Copy the first line of the entries below and every line after it through the line containing "In the Edit". Do not include pictures.

------------------------------------------------------------

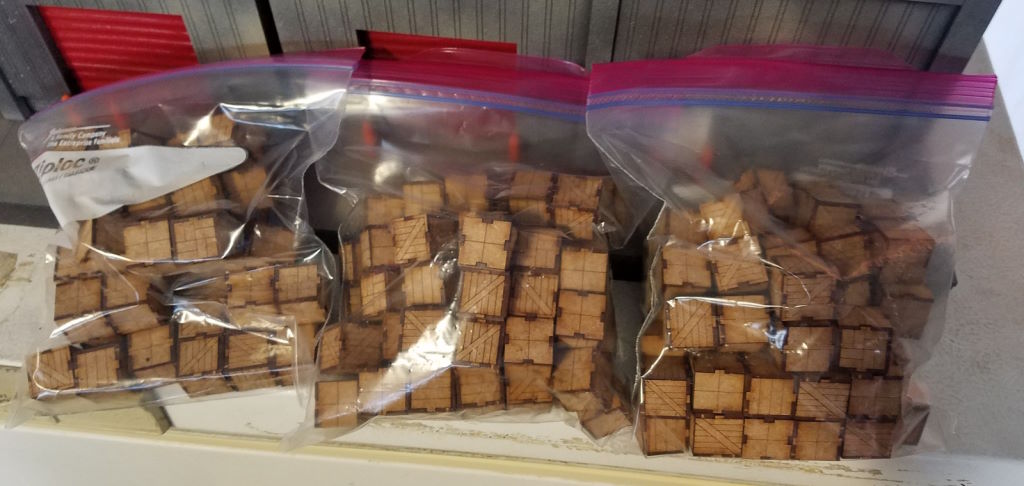 The part that took the longest was putting together all the crates and pallets included with the kit. I think there are probably 200 of each, and the crates are 6 pieces, the pallets 5. It took a while!
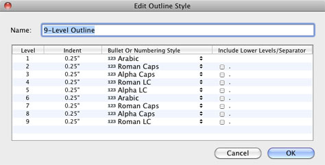In the Edit Outline Style dialog, you define Outline Styles, which can have up to nine levels.
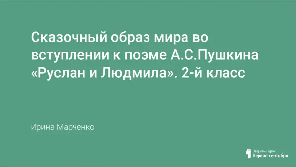 На основе многолетнего опыта работы автора по системе Л.В.Занкова, предложен план урока чтения во 2-м классе «Сказочный образ мира во вступлении к поэме А.С.Пушкина «Руслан и Людмила». На уроках чтения учащиеся знакомятся с музыкальными, художественными произведениями. На уроке используются различные виды работ, что способствует всестороннему развитию ребенка.
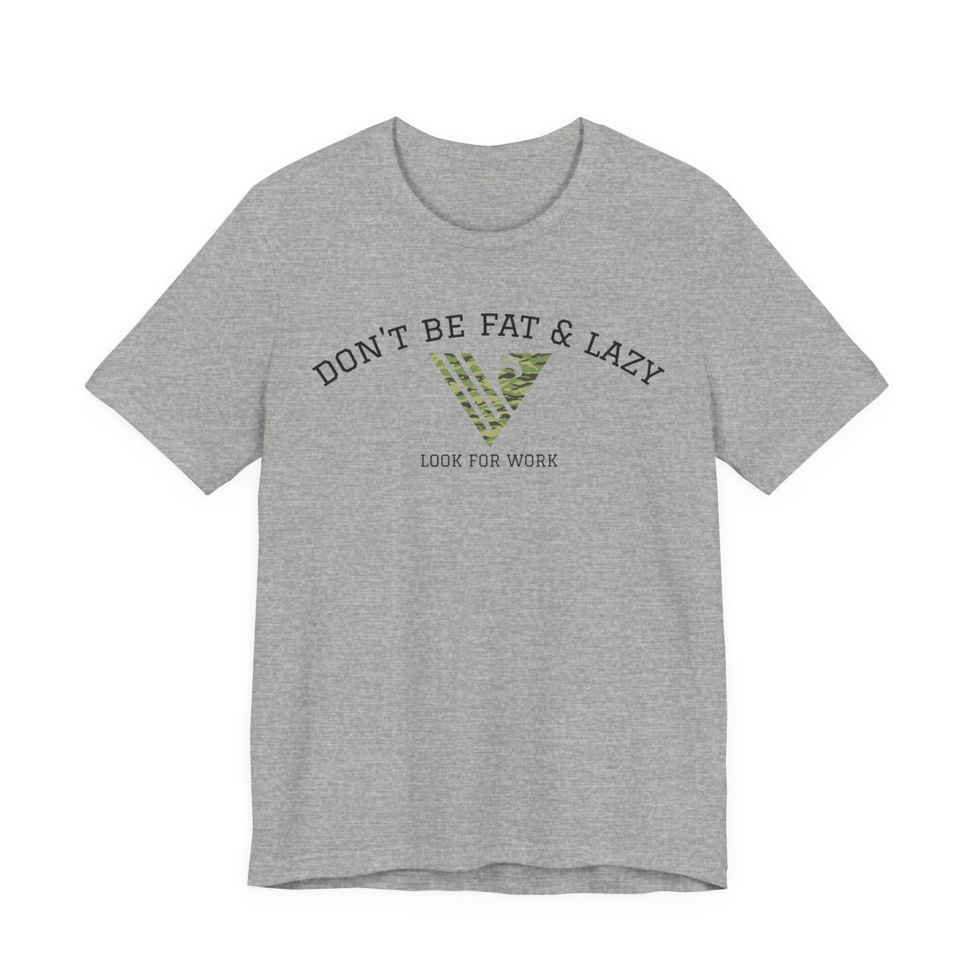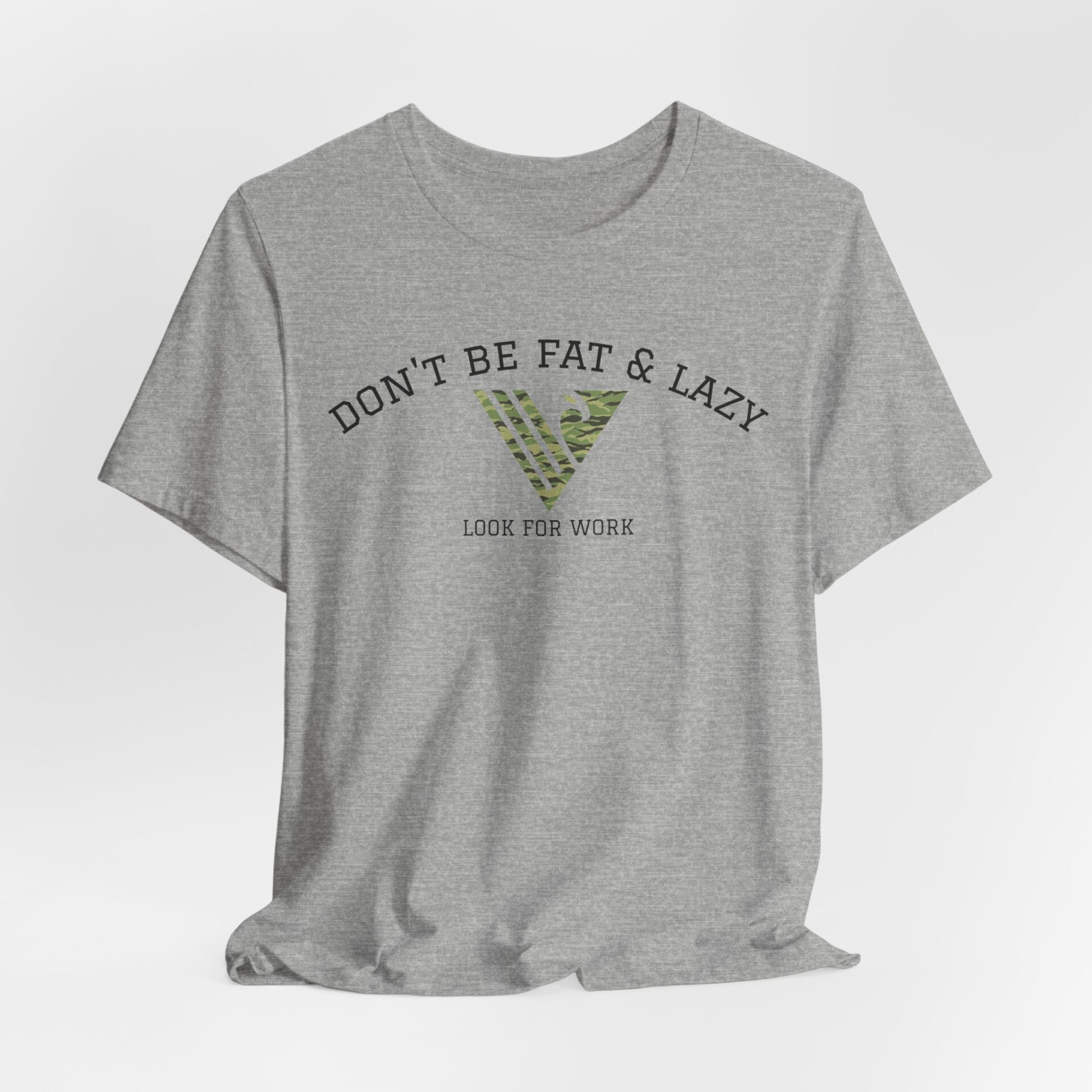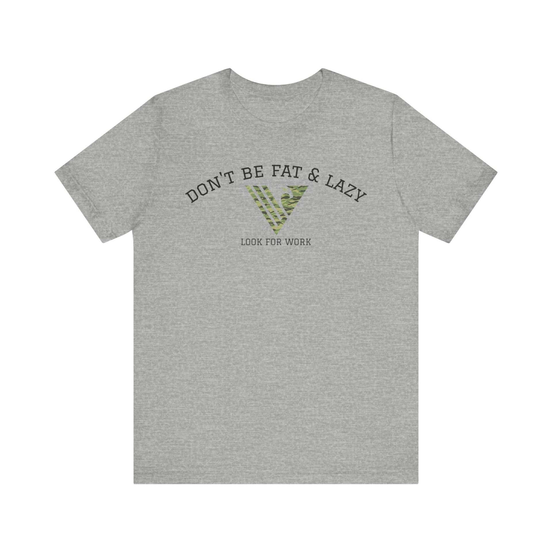 “Don’t be fat and lazy” isn’t about appearance — it’s about discipline, movement, and refusing to settle. It’s a reminder that comfort kills growth. Every time you throw this on, you’re choosing the harder path — the path of accountability, work ethic, and self-respect.
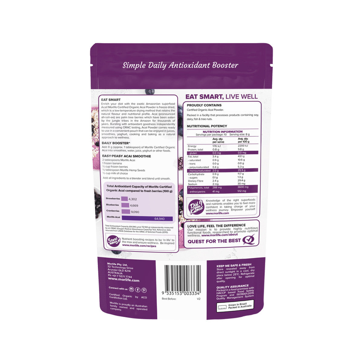 Add 8 g (approx. 1 tablespoon) of Morlife Certified Organic Acai into smoothies, water, juice, yoghurt or other foods.
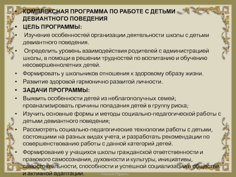Комплексная целевая программа по работе с детьми девиантного поведения
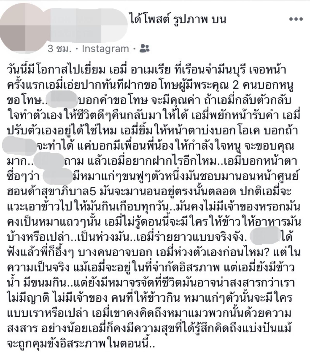 "วันนี้มีโอกาสไปเยี่ยม เอมี่ อาเมเรีย ที่เรือนจำมีนบุรี เจอหน้าครั้งแรกเอมี่เอ่ยปากทันทีฝากขอโทษผู้มีพระคุณ 2 คนบอกหนูขอโทษ..เราบอกคำขอโทษจะมีคุณค่า ถ้าเอมี่กลับตัวกลับใจทำตัวเองให้ชีวิตดีๆ คืนกลับมาให้ได้ เอมี่พยักหน้ารับคำ เอมี่ ปรับตัวเองอยู่ได้ใช่ไหม เอมี่ยิ้มให้หน้าตาบ่งบอกโอเค บอกถ้าเราจะทำได้ แค่บอกมีเพื่อนพี่น้องให้กำลังใจหนู จะขอบคุณมาก..
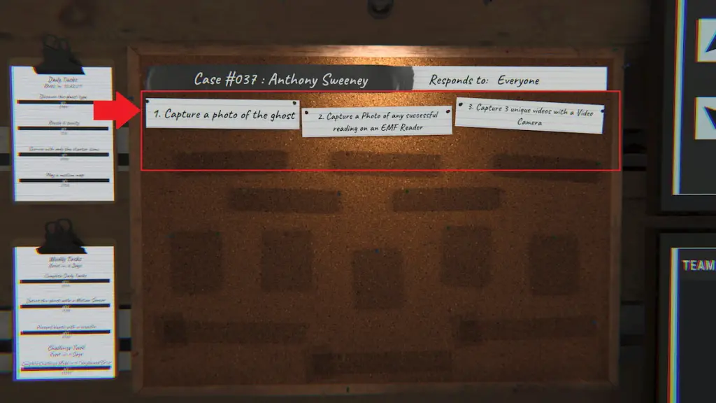 遭遇するタスクの種類はさまざまで、非常に簡単に完了できるものもあれば、非常に難しいものもあります。簡単な目標はお香を使って幽霊の近くのエリアを浄化したり、幽霊にファイアライトを吹き消させたりするようなものですが、難しい目標では、幽霊のビデオを撮影したり、2 つのユニークな超常現象の音を録音したりすることが求められる場合があります。
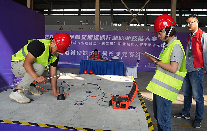據(jù)悉,此次大賽由安徽省交通運輸廳、安徽省人力資源和社會保障廳共同舉辦。本次大賽共設(shè)置城市軌道交通行車調(diào)度員、新能源汽車維修工、橋隧工、電動港口裝卸機械司機4個職業(yè)賽項。比賽采取理論知識競賽和操作技能競賽相結(jié)合的方式,涵蓋了鋼筋骨架加工、隧道襯砌缺陷無損檢測、施工放樣3個競賽項目。
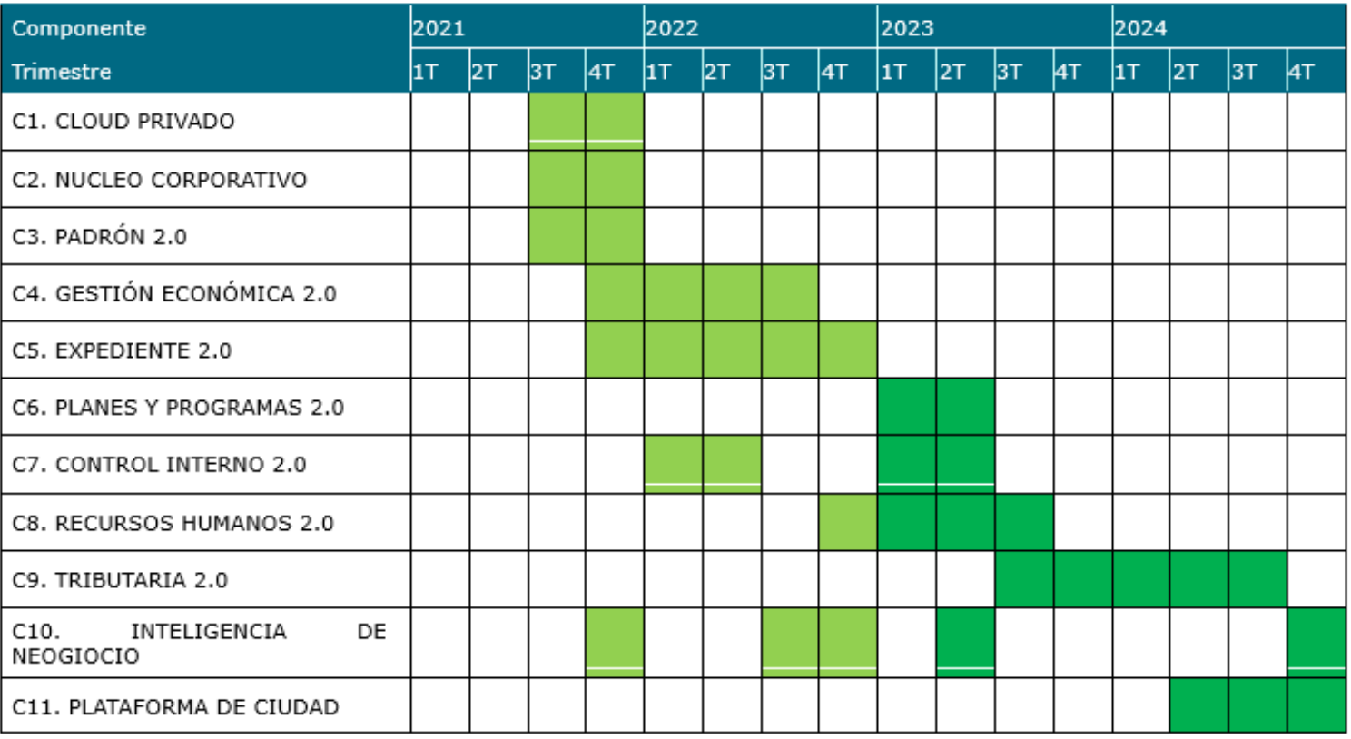 El projecte ha estat dissenyat i concebut per a la seva implementació en quatre anualitats, seguit d'una fase de suport i manteniment durant vuit anys més, tenint en compte l'abast i impacte de la implantació, així com la seva vida útil.
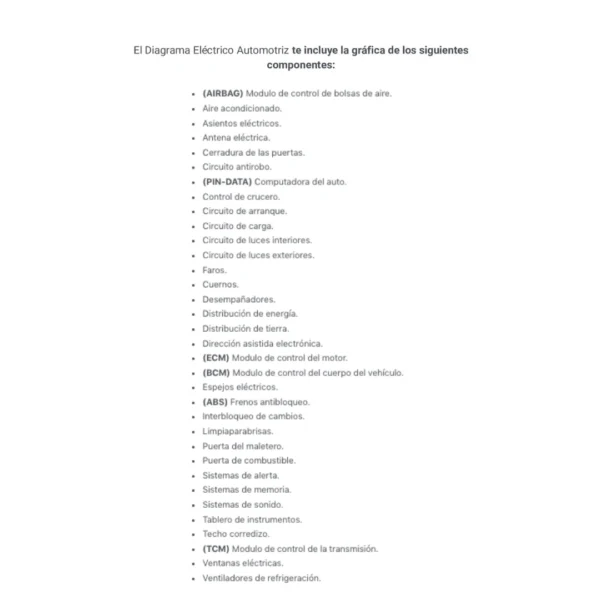 El Diagrama Eléctrico Automotriz te incluye la gráfica de los siguientes componentes:
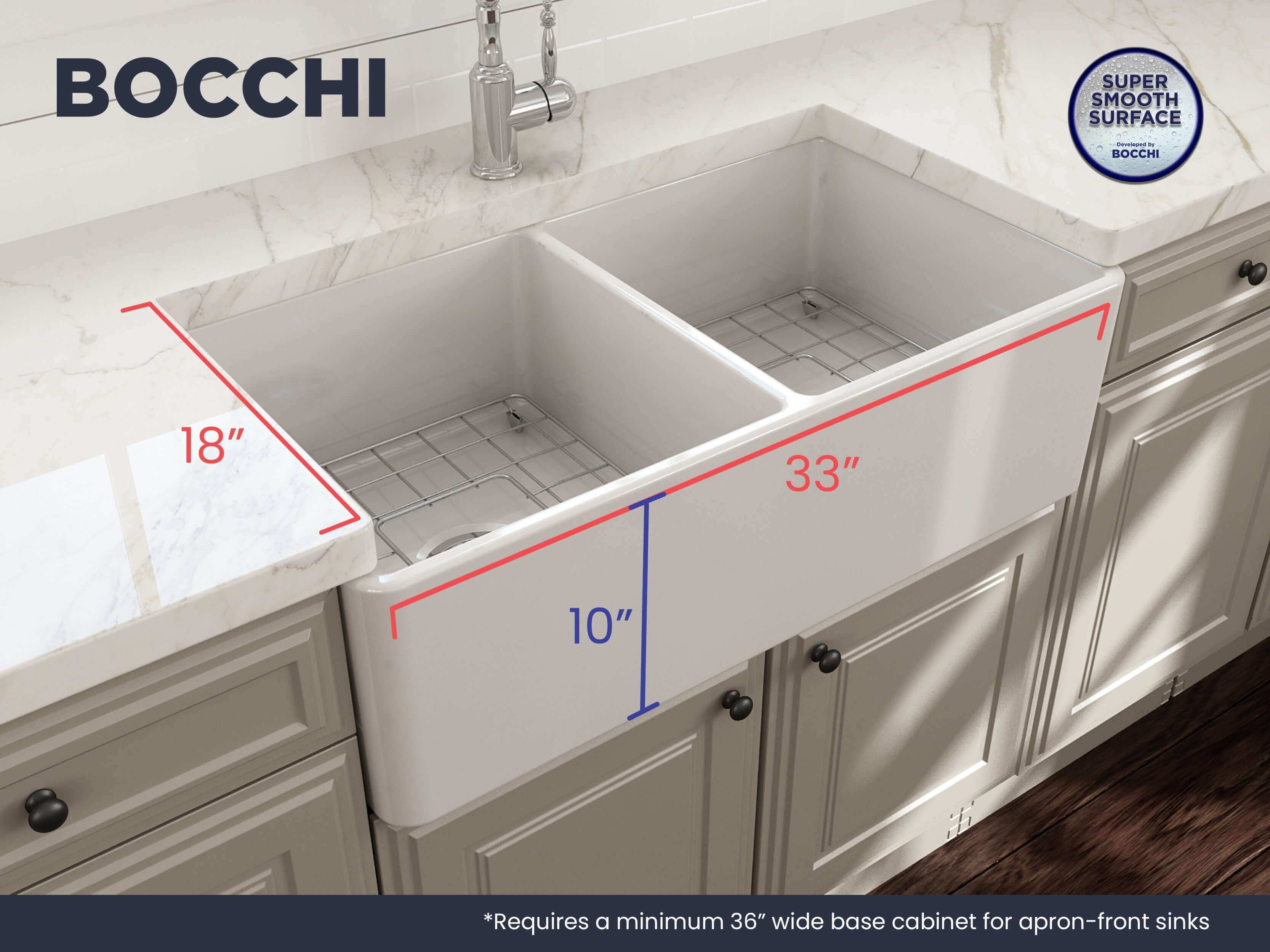 - Requires a minimum 36 in. wide base cabinet for apron-front sinks

------------------------------------------------------------

■ Response below
 The part that took the longest was putting together all the crates and pallets included with the kit. I think there are probably 200 of each, and the crates are 6 pieces, the pallets 5. It took a while!
In the Edit Outline Style dialog, you define Outline Styles, which can have up to nine levels.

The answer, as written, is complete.